_What you should do_. A faithful transcription of all the data, images excluded, is the required answer.

_The data_.
- - -
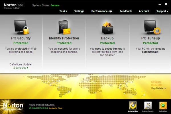 Interfejs użytkownika w nowym Norton 360 porządkuje ustawienia, kontrolki bezpieczeństwa oraz informacje o ochronie komputera i jego wydajności na jednym prostym, zaprojektowanym od nowa ekranie. Tegoroczną nowością jest funkcja Norton Protection Map, która dostarcza aktualne informacje o najnowszych zagrożeniach wykrytych i neutralizowanych przez firmę Symantec. Mapa ta obrazuje fakt, że cyberprzestępczość rozprzestrzenia się w czasie rzeczywistym na całym świecie i przypomina użytkownikom, że muszą dbać o swoje bezpieczeństwo w Internecie. Nowy interfejs użytkownika obejmuje także szybki dostęp do usługi rodzinnego bezpieczeństwa Norton Online Family oraz do systemu Norton Safe Web, ostrzegającego o niebezpiecznych witrynach przed przejściem do nich.
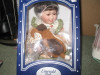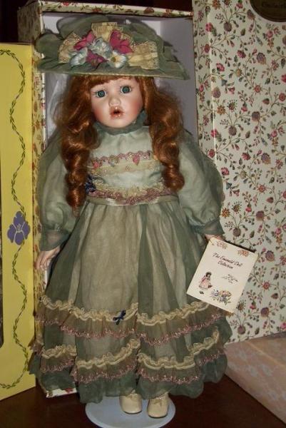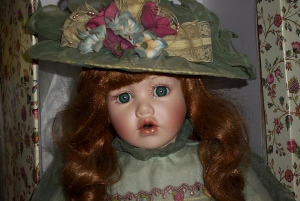 "Angeline" is a 21 inch Porcelain Doll from the Emerald Doll Collection. She's a Green eyed Red Headed Little Girl. Eyelashes look like real hair. She wears a green dress and matching hat. Both are adorned with brown and beige lace and pink and blue flowers. She wears off white leather like shoes and knee high stockings. She is complete with a stand and the original box. Included is the Certificate of Authenticity. She is in Mint Condition, Brand New, In the Box.
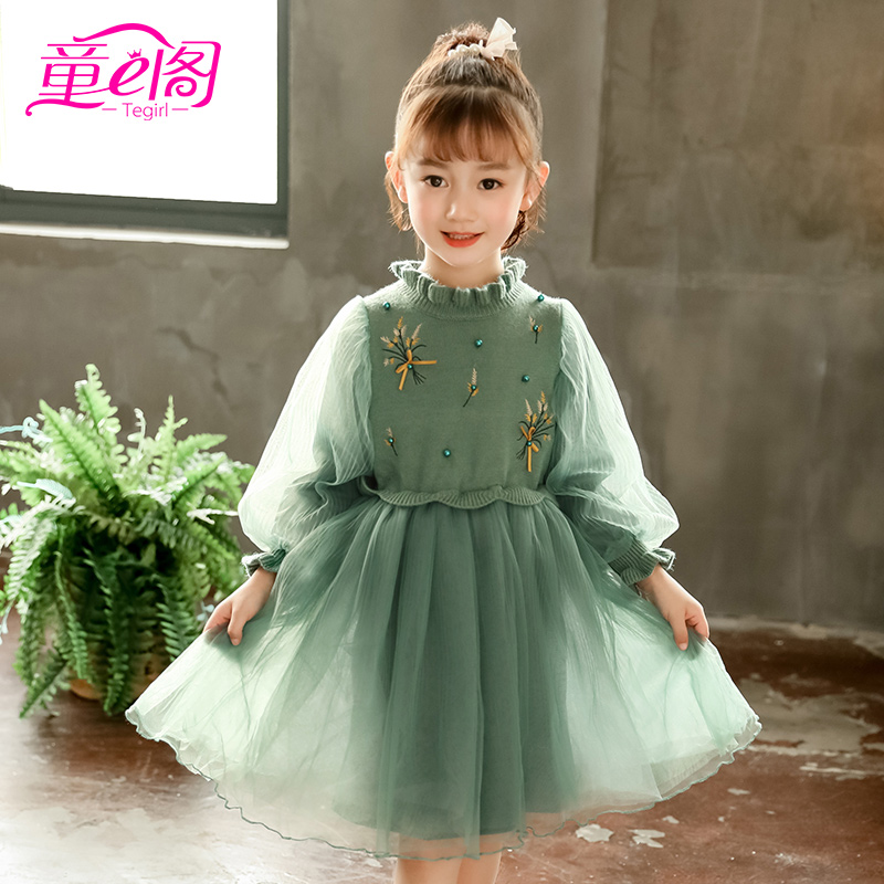 女童针织毛衣蓬蓬裙秋冬儿童小香风加绒裙子中大童公主洋气连衣裙
- - -
_Reply_.
 Interfejs użytkownika w nowym Norton 360 porządkuje ustawienia, kontrolki bezpieczeństwa oraz informacje o ochronie komputera i jego wydajności na jednym prostym, zaprojektowanym od nowa ekranie. Tegoroczną nowością jest funkcja Norton Protection Map, która dostarcza aktualne informacje o najnowszych zagrożeniach wykrytych i neutralizowanych przez firmę Symantec. Mapa ta obrazuje fakt, że cyberprzestępczość rozprzestrzenia się w czasie rzeczywistym na całym świecie i przypomina użytkownikom, że muszą dbać o swoje bezpieczeństwo w Internecie. Nowy interfejs użytkownika obejmuje także szybki dostęp do usługi rodzinnego bezpieczeństwa Norton Online Family oraz do systemu Norton Safe Web, ostrzegającego o niebezpiecznych witrynach przed przejściem do nich.
 "Angeline" is a 21 inch Porcelain Doll from the Emerald Doll Collection. She's a Green eyed Red Headed Little Girl. Eyelashes look like real hair. She wears a green dress and matching hat. Both are adorned with brown and beige lace and pink and blue flowers. She wears off white leather like shoes and knee high stockings. She is complete with a stand and the original box. Included is the Certificate of Authenticity. She is in Mint Condition, Brand New, In the Box.
 女童针织毛衣蓬蓬裙秋冬儿童小香风加绒裙子中大童公主洋气连衣裙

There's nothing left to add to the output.